All fair. But I think the Dodgers are just as special a case as the Rays are. They have a conveyor belt of talent coming off that farm, and then usually invest smartly to amplify that talent. The Dodgers and Rays for different and similar reasons are the best run clubs in MLB. Models to learn from and emulate.
Baseball is different now. It's not like it was 25 years ago when the Yankees (or any big market team) could outspend everyone and blow them away, winning WS after WS. Spending means little without a very well run organisation, with analytics levelling the playing field. The Mets and Padres have been going crazy with their spending, both failed. The Yankees have been at the top of the spending lists forever, can't win it all.

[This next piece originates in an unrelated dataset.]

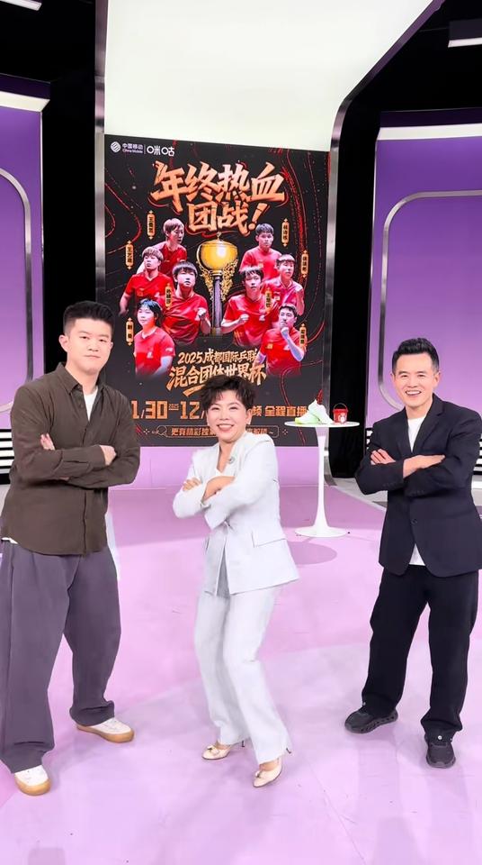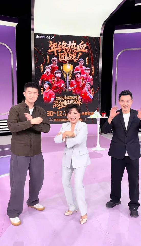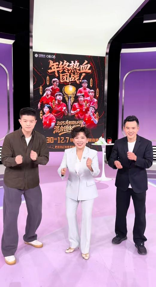 12月7日,邓亚萍老师在解说前又热舞了一下,她对生活越来越热爱了,看起来总是那么积极乐观。 邓亚萍老师穿着白色西装,白色高跟鞋,头发烫染过,很会打扮。决赛的直播共3个人,除了周老师,邓亚萍老师还邀请了刘国正。 邓亚萍站在中间,带着周老师和刘国政一起对着镜头舞动了身体,开心的热身后正式进入直播阶段。

I wonder if Henry was simply thinking, 'I am not paying out these massive contracts when our farm/development isn't up to scratch to supplement them.' (I accept this is me totally guessing and I could be way off). I think he hoped Bloom was the guy that would start bringing that to the fore. But for all the things Chaim did which I thought was good, he seemed paralysed on times with indecision around major moves. The last two trade deadlines being exhibit A and B. To further my theory, if Henry does believe all the above, you need someone with similar philosophy that is not afraid to back him/herself. Bres certainly fits so far.
We should be acting like a big market team (and none of this forgives the Betts mistake), but personally, I think we also need(ed) to get A LOT better as an organization from top to bottom, among other things in terms of scouting and development and not being afraid to make big moves. There are shoots of hope in the last year, or two at least.